Finestre chiuse e niente condizionatori: i consigli dei medici per difendersi dal fumo degli incendi

L'Isde chiarisce i rischi delle microparticelle ultrasottili nel sangue. L'avviso del medico: «Il naso è il nostro migliore alleato. Quando senti l'odore di bruciato, la soglia è già superata».

Daniela Larocca

Da giorni la Carnia brucia. I fronti sull'Amariana e sull'Amarianute, insieme al rogo doloso sul monte Dobis, hanno già divorato circa 400 ettari di bosco e costretto 25 persone a lasciare casa, con le fiamme arrivate a soli 50 metri dalle abitazioni di Pissebus.
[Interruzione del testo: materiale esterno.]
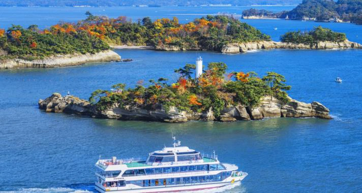松島是散佈在松島灣一帶260多個大小島嶼所構成島嶼群的總稱。松島也與宮津市的『天橋立』、廣島縣的『宮島』,並稱為「日本三景」。 遊覽松島最好的方式就是搭乘遊覽船,在藍天白雲之下能飽覽諸多小島的秀美風光。

Vigili del fuoco, corpo forestali, Protezione civile e mezzi aerei italiani e sloveni lavorano senza sosta, ma senza pioggia, attesa in forma decisa solo giovedì, l'obiettivo resta contenere più che spegnere. Nel frattempo la Regione ha diramato raccomandazioni sanitarie per 17 Comuni della zona, da Tolmezzo ad Amaro, da Gemona a Osoppo: finestre chiuse, niente sport all'aperto, mascherine Ffp2 o Ffp3 quando proprio serve uscire.

Ma cosa significa, in concreto, respirare quel fumo? A spiegarlo è il dottor Mario Canciani, allergo pneumologo e presidente della sezione regionale dell'Isde, l'associazione dei medici per l'ambiente, che in un comunicato mette nero su bianco quanto sia serio il rischio sanitario dietro la coltre grigia che avvolge la Carnia in questi giorni.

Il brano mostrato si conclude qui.